Magna chief says talks planned with Volkswagen on Opel deal concerns

TOKYO — The chief executive of the Canadian parts maker that’s buying a stake in Opel from General Motors said Tuesday talks are planned with Volkswagen to ease the German automaker’s concerns about the deal.

Don Walker

Don Walker

TOKYO — The chief executive of the Canadian parts maker that’s buying a stake in Opel from General Motors said Tuesday talks are planned with Volkswagen to ease the German automaker’s concerns about the deal.

“Volkswagen has said they are concerned, so we need to finalize internal procedures and have more discussions with them,” Don Walker, co-chief executive of Magna International Inc. (TSX:MG.A), told reporters.

He declined to give details, saying he hadn’t talked with Volkswagen yet.

Magna has a huge, international auto parts business that supplies virtually every major automaker in the world. Now, the Canadian company will also assemble vehicles through Opel that compete with some of its main customers in Europe.

GM had initially said it preferred another bid from Brussels-based investment firm RHJ International, in part because of fears that patents and other GM property could wind up with competitors, especially in the growing market of Russia.

Analysts say some automakers, such as Volkswagen AG, may decide to move away from buying Magna parts.

Walker acknowledged he needs to ease concerns from customers, but reiterated that Opel and Magna will remain separate.

He said Magna, based in Aurora, Ont., wasn’t “taking over” Opel and will remain a parts maker.

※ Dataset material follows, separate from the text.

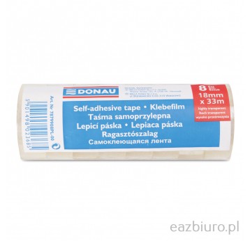 - najwyższej jakości krystalicznie transparentna taśma biurowa - idealna do prac, gdzie estetyczny wygląd jest sprawą priorytetową - odrywanie bez konieczności używania nożyczek - nie żółknie z upływem czasu - szerokość: 19mm - długość: 33m - 7+1 sztuk w j.s. - 1 rolka GRATIS

“Most of the customers I have talked to personally want to know how we have a separation to protect technology, but they have told me that they are comfortable with it,” said Walker.

In Toronto, a Magna executive told a CIBC investor conference that the company has a long history of working with its customers’ proprietary information and has never had a problem.

Louis Tonelli, vice-president of investor relations, pointed to Magna’s Austrian-based operations, Magna Steyr, which develop and build cars for various automakers.

“We were very involved in the development of the BMW X3 in the very same facility as we are building Mercedes vehicles,” Tonelli said.

“BMW recently said that we showed through the development of the X3 that we could have the appropriate walls in place and keep proprietary information proprietary, and that gave them a lot of comfort.”

Tonelli said “a number of important safeguards” will be put in place to protect customers’ technology. Magna’s parts business is already quite decentralized, and will remain completely independent from Opel. In addition, any Magna employees who work for Opel will cease to have any connection to the parts business, he said.

Magna will fill three seats on Opel’s 20-member board.

“We are fully committed to protecting the proprietary technology and interests of our customers and will continue to respect all confidential information with which we are entrusted,” Tonelli said.

“As far as I know, there hasn’t been any business lost as a result of this transaction,” he added.

Tonelli went on to emphasize how important the Opel transaction is to Magna’s ambitions in Russia, which is widely expected to soon surpass Germany as Europe’s biggest car market.

He said Magna has over $200 million in booked business in Russia to date.

“But the potential number we’re looking at is much, much bigger than that, and Opel gives us a chance to get even more involved,” Tonelli said.

Magna’s A shares gained 80 cents to $45.47 on Tuesday at the Toronto Stock Exchange.